The last quarter alone witnessed $85.79 billion worth of FDI inflow in India – the highest-ever FDI made within a single quarter. These constantly growing trade investments are a reflection on a rapidly booming business landscape within the country and are having a positive impact on the real estate sector. Industry experts estimate that NRI investments in the Indian real estate market will touch $11.5 billion in 2017.
Although investors understand that property provides the best post-tax returns in India, a good proportion of them are hesitant owing to commitment of personal time and effort that is required.
Factors that put off
One of the biggest reasons why a majority of overseas investors usually stay away from putting capital into the real estate sector is that it requires considerable domain knowledge, along with significant investment of personal time. At times, real estate investors need to conduct extensive research to analyse the future potential of a property, take part in successive negotiations, and initiate proceedings to liquidate the asset at a later date.
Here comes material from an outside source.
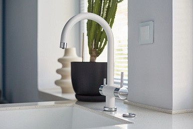 Светлые однотонные фасады можно удачно комбинировать с более темными элементами – цоколями, корпусом и столешницей. И не забывайте про оформление фартука. Необязательно делать его под цвет гарнитуру. Гораздо интереснее, если он будет контрастным или многоцветным.

Being geographically removed from where the asset is located makes investors anxious about how the property gets managed. Most investors, therefore, gravitate towards investing in under-construction or early-stage projects managed by developers, where the risks could be higher.
The constant involvement of administrative authorities and third-party players, such as brokerage firms and independent real estate agents, serves to further complicate an already complex situation. These complications magnify when the perspective is shifted to commercial properties, which often require exhaustive paperwork to model complex lease structures as well as the cash-flow management.
Technology has been playing a pivotal role in bringing about a marked change in this mindset. While end-to-end physical presence was earlier required for making an investment into real estate, digital platforms have come to the fore to counter the prevailing challenges and extend a seamless investment experience to NRI investors of late.
Cutting-edge technologies such as big data, machine learning, data analytics, and pattern recognition come up with in-depth insights on various properties. Thereby acting as an active gateway for NRI investors to make data-driven investments.
Individual investors also have the option of either buying properties listed on digital platforms completely or making fractional investment.
Fractional investment helps in bringing greater diversification in investments, thus increasing returns while minimizing risks. The end-to-end management of the asset is done by the platform. All signatures and paperwork formalities are completed digitally, making it incredibly simple and easy for NRIs to buy and manage properties in India.